What insurance does a Florida contractor usually need in 2026?
Most Florida contractors should review general liability, workers compensation, commercial auto, tools and equipment, commercial umbrella, and any required surety bonds. The exact answer depends on trade, payroll, subcontractor use, vehicles, job size, license category, contracts, and whether the work is residential, commercial, public, or coastal.
Do Florida construction contractors need workers compensation insurance?
Florida DFS says construction industry employers with one or more employees, including business owners who are corporate officers or LLC members, must have workers compensation coverage. Active state-licensed CILB construction licensees must maintain workers compensation coverage or an exemption. Owner exemptions are specific to eligible people; they should not be treated as blanket coverage for every worker on a jobsite.

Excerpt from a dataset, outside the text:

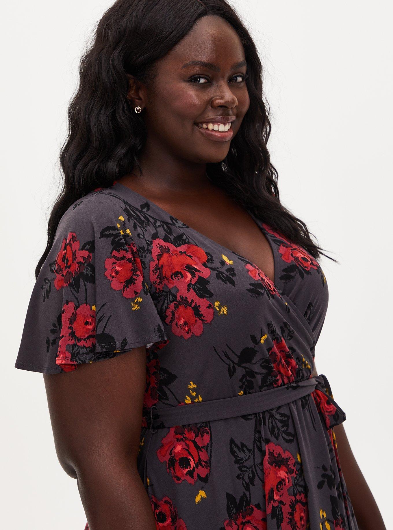 Rose plus size clearance dress, Plus Size Rose Grey Floral Studio Knit Wrap Midi Dress Torrid clearance

Why do Florida contractors get workers comp audit bills for subcontractors?
Audit bills often come from missing certificates, expired exemptions, uninsured subs, payroll that changed during the year, or work that does not match the estimated class codes. Florida DFS warns that if a subcontractor does not secure required coverage for its employees, those workers can become the contractor's responsibility for workers compensation purposes.

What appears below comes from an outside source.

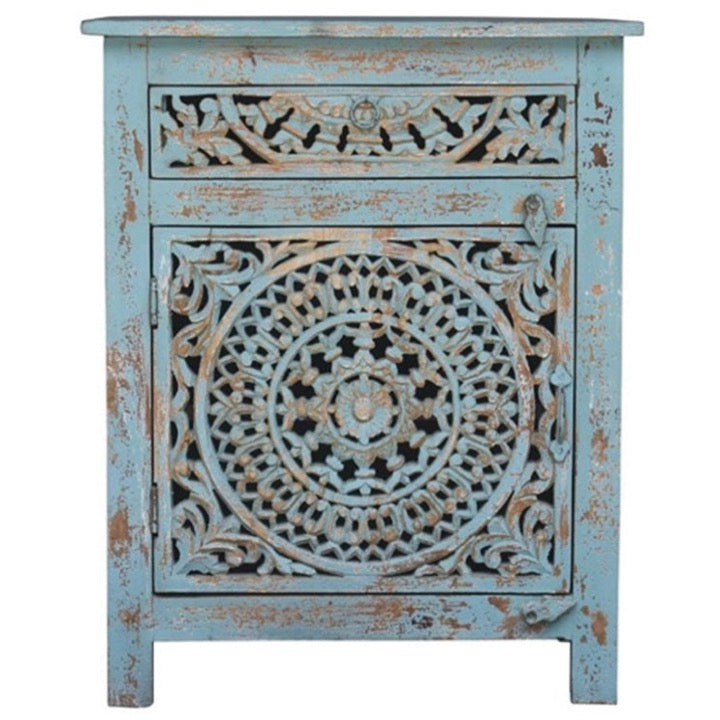 With Mango wood and rustic blue finish, it’s sure to stand out in any room!

Are Florida contractor insurance rates going down in 2026?
Not across every line. Florida OIR approved a 6.9% statewide workers compensation rate decrease for new and renewal policies effective Jan. 1, 2026, but a contractor's final cost still depends on payroll, class codes, experience modification, subcontractor records, losses, GL exposures, auto drivers, tools, job size, and available carrier appetite.
How much does contractor insurance cost in Florida?

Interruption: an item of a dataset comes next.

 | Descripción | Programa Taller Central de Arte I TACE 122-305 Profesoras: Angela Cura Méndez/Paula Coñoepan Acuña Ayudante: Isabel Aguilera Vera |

Florida contractor insurance cost depends on trade, payroll, subcontractor use, vehicles, drivers, losses, job size, limits, certificates, tools, equipment, bonds, and contract requirements. Florida workers compensation has a verified 2026 statewide rate decrease, but each contractor's final premium still depends on audited exposure and carrier appetite.
What contractor documents should I send before renewal or a bid deadline?
Send current policies, loss runs, payroll by class code, employee and owner status, subcontractor COIs, exemption certificates, vehicle and driver schedules, equipment lists, sample contracts, certificate wording, additional insured requirements, waiver requests, umbrella limits, and bond forms if a project requires them.
Is a certificate of insurance enough for a Florida contractor contract?
A certificate is evidence of insurance, but it does not automatically change policy language. Contract requests such as additional insured status, waiver of subrogation, primary and noncontributory wording, completed operations, or special umbrella limits need to be checked against the actual policy and endorsements.